Triforium

The triforium is a transition in the high wall of late Romanesque, but mainly Gothic basilicas, which is only open to the nave towards. It forms a middle floor between the arcades on the ground floor and the clerestory, the window area of the nave. Is the triforium not designed as a walkway, but hidden up the masonry wall as merely outline, one speaks of a Blendtriforium.

Word Meaning

The often claimed derivation of the term from the Latin tri - ( three - ) and foris ( door opening ) in the sense of " triple opening " is probably wrong, since the first use of " triforium " in the report of the medieval monk Gervase on the reconstruction of the Cathedral of Canterbury from 1185 refers to a walkway without triple openings. It is therefore proposed as a likely a derivative of the medieval Anglo- Latin term for " broken " arts and crafts or emergence as an English- Latin coinage thoroughfarum ( " passage "). In the present use of the word is in any case not linked to the presence of triple openings.

Function

The triforium is essentially a style element that has its origin in the fact that behind the original pitch roofs of the aisles are and thus not enough the windows of the clerestory to the arcades. It avoids that it generates an unstructured surface, and serves as the sculptural enrichment, less a practical purpose (function as a running gear).

History

An important precursor of the triforium was born in 1140 in the cathedral of Sens ( France). For the first time the real triforium occurred probably in the cathedral of Noyon (France) in 1150 in appearance - but in a characteristic of the early Gothic four divided wall elevation ( Soissons, Laon, etc.). Since the start of construction of the new nave of Chartres Cathedral sat down after the year 1190 in almost all Kathedralneubauten the classic three-piece wall elevation of the Gothic ( arcade zone, triforium, clerestory ) by.
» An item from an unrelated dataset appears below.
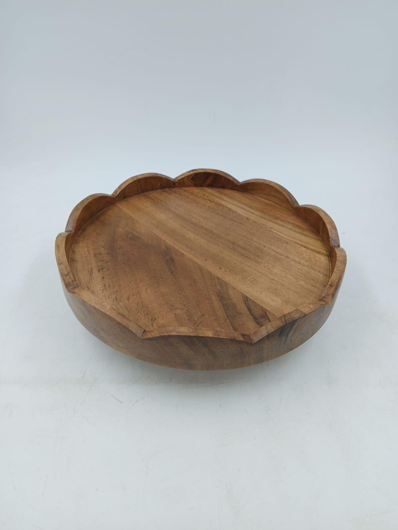 Elevate your tabletop with a piece that marries organic texture with playful design. Featuring a unique scalloped rim and a rich, natural wood finish, this dual-purpose essential works overtime. Use it as a heat-resistant trivet to protect your surfaces during dinner, or flip the script and use it as a shallow catch-all bowl for fruit, jewelry, or daily essentials.
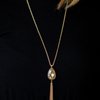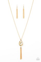 A green teardrop gem swings from the bottom of a lengthened silver chain for a dramatic look. A shimmery silver chain tassel swings from the bottom of the pendant for a glamorous finish. Features an adjustable clasp closure. Also available in Gold

In the development of Gothic architecture you designed other roof forms for the aisle, to avoid any windowless zone. Either received the aisle a gable roof or every yoke of aisle or yoke - pair with double aisles, a separate hood as a hipped roof. Thus, the triforium was provided with windows and almost the entire wall surface was carried thins. This makes the triforium had indeed lost its original function, but was retained as a structural element for a long time. In some late Gothic churches, however, it disappeared completely; the top and clerestory was then run down to the arcade zone, so that the classic three-piece wall elevation of the Gothic was now reduced to a two-part.